In contrast to what was originally planned however, the Article 50 procedure will not be triggered immediately. Although this postponement has encountered resistance on the part of the EU Commission, the present state of affairs is that the British Government is not planning immediate steps to implement the referendum.
It is impossible to tell at present what political and economic consequences these developments will have in the long term. But it is clear that the government of the United Kingdom will endeavour to implement the upcoming changes in a considered and coordinated manner, wherever this path may lead.
Until the ensuing exit negotiations have been completed, the current status quo in the relations between the United Kingdom, the EU and its institutions and in relation to the individual EU Member States remains unaffected. In the meantime, the EU treaties remain in force and EU law remains binding for the United Kingdom without restrictions.
The outcome of the referendum does not affect court proceedings currently pending in the United Kingdom. The same applies to the currently applicable rules for the recognition and enforcement of judgments from other European countries that are given before completion of the undoubtedly long process of negotiations on the exit conditions and their implementation into national law. Neither will the rules for the recognition and enforcement of civil decisions of the courts of the United Kingdom in other European countries be affected.
Moreover, it is not anticipated that, even after the exit process has been completed, cross-border civil and commercial disputes will be subject to significant changes. The basis for the recognition and enforcement of court judgments from other European countries was laid down by the Brussels Convention on jurisdiction and recognition and enforcement in civil and commercial matters of 1968, long before the accession of the United Kingdom to the Treaty of Rome. The existing EU regulations on cross-border civil disputes, such as the Brussels I Regulation, are based on these principles which have been established for more than 40 years. The concept of cross-border civil justice is also not limited to EU territory and not dependent on membership of the EU. The parallel provisions which apply independent of EU membership deal specifically with the division of competence of the national courts in international cases and the enforcement of judgments abroad.
The same applies to the rules which govern which country’s substantive laws apply in a civil or commercial dispute. Although these rules have been implemented in the EU context in detailed EU regulations, they are, after all, based on much older and established principles of private international law that apply beyond EU borders and independently of membership.
English civil law and the English court system are of very considerable economic value for the whole of the United Kingdom, and especially for the London region. The integration of the English law system into the world economy and the reliable and consistent mobility of court judgments in both directions are also the basis for the importance of London as a location for the financial sector and the services market intertwined with that sector.

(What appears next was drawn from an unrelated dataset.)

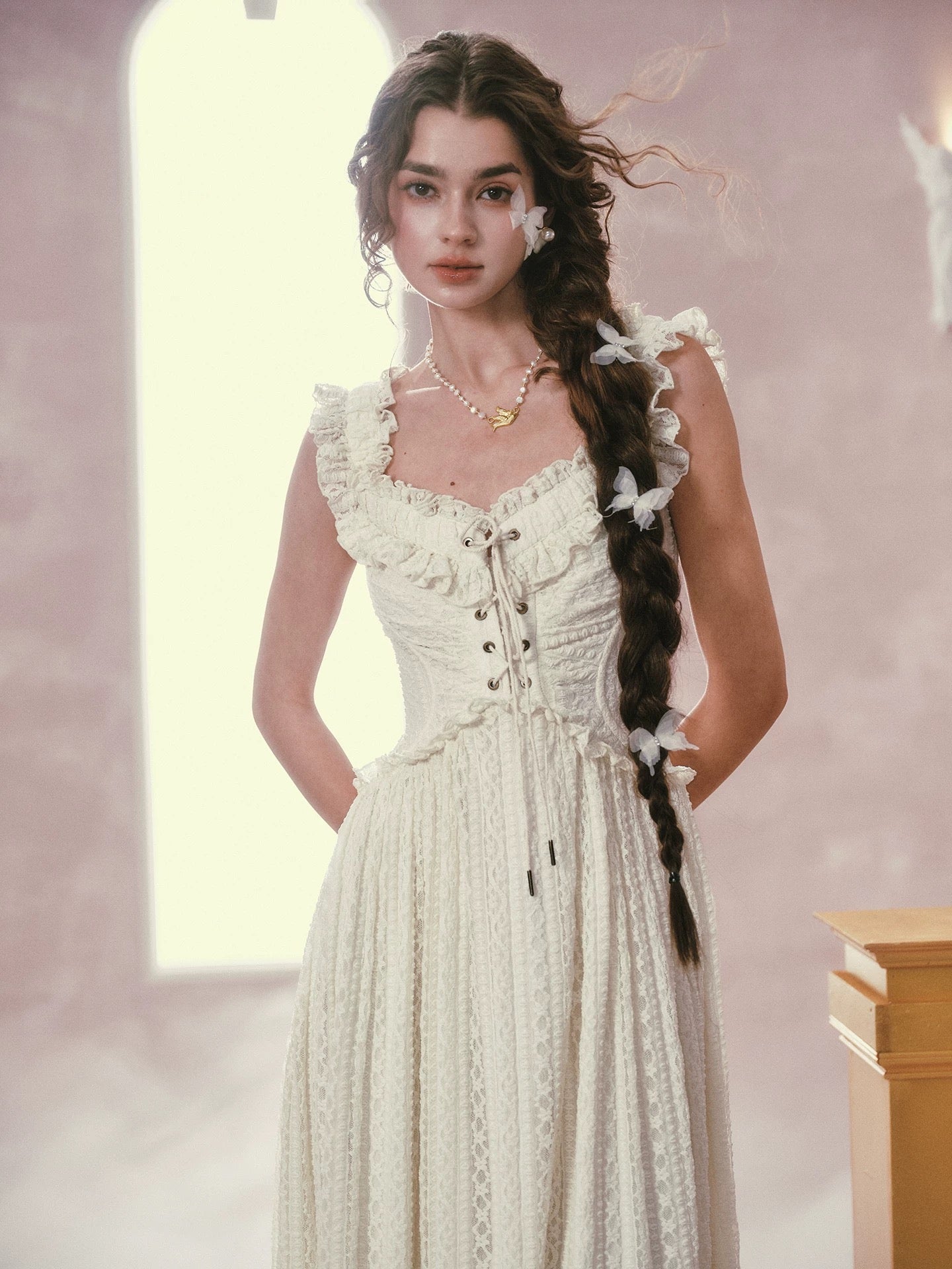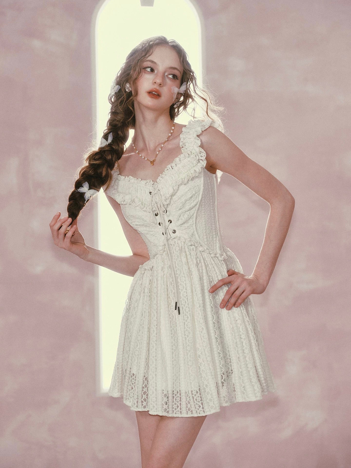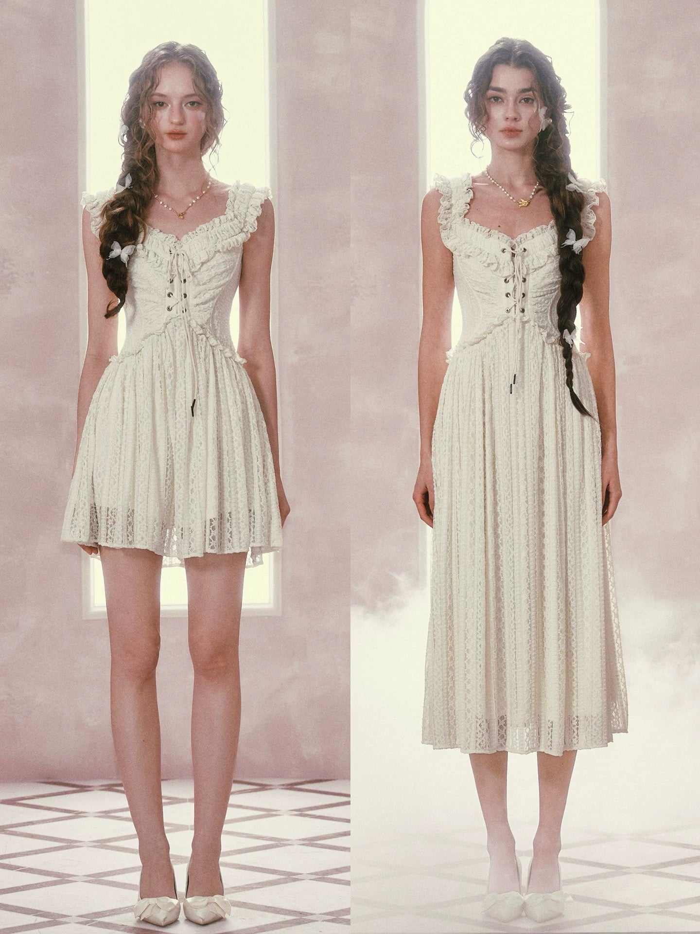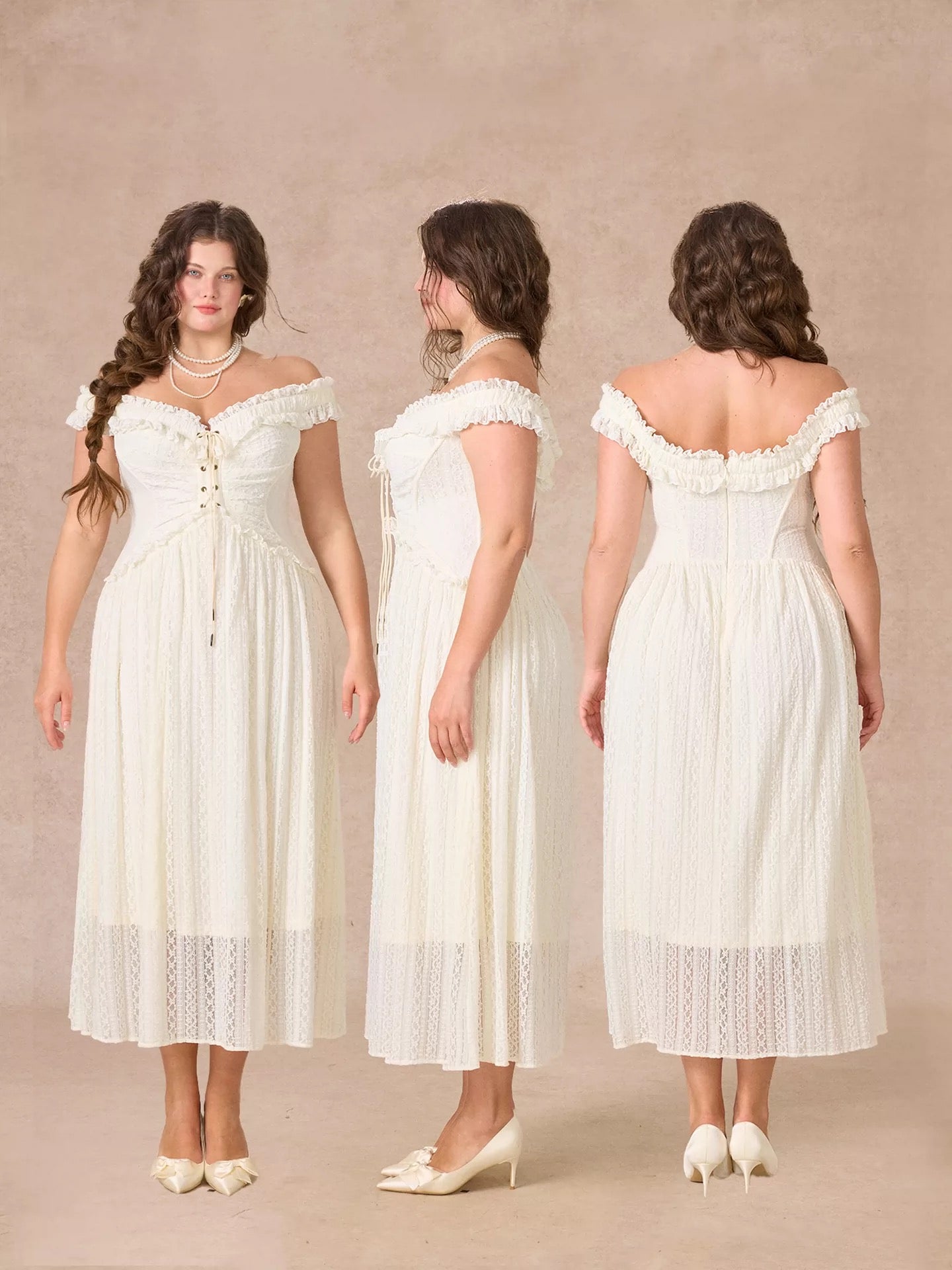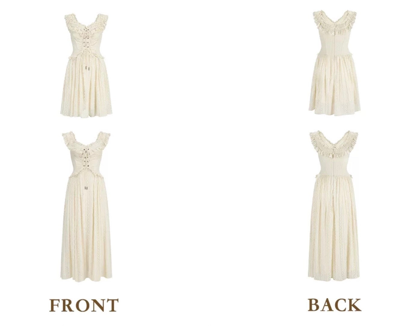 A discreet back zip keeps dressing effortless, and those dainty lettuce edge ruffles flutter with every step. Style ‘Caterina’ with ribboned heels for garden teas or layer delicate knits for sunset strolls, she’s ready for every dreamy plan you have lined up.

It is therefore assumed that the future position of the United Kingdom in the field of cross-border civil justice will not significantly differ from the current regime. Although the name of the relevant legislation will change and the simplified and speedy procedures for enforcement of foreign judgments introduced by the recent amendments to the Brussels I Regulation may not be adopted in full, the impact of the termination of the United Kingdom’s membership of the EU should remain without significant consequences.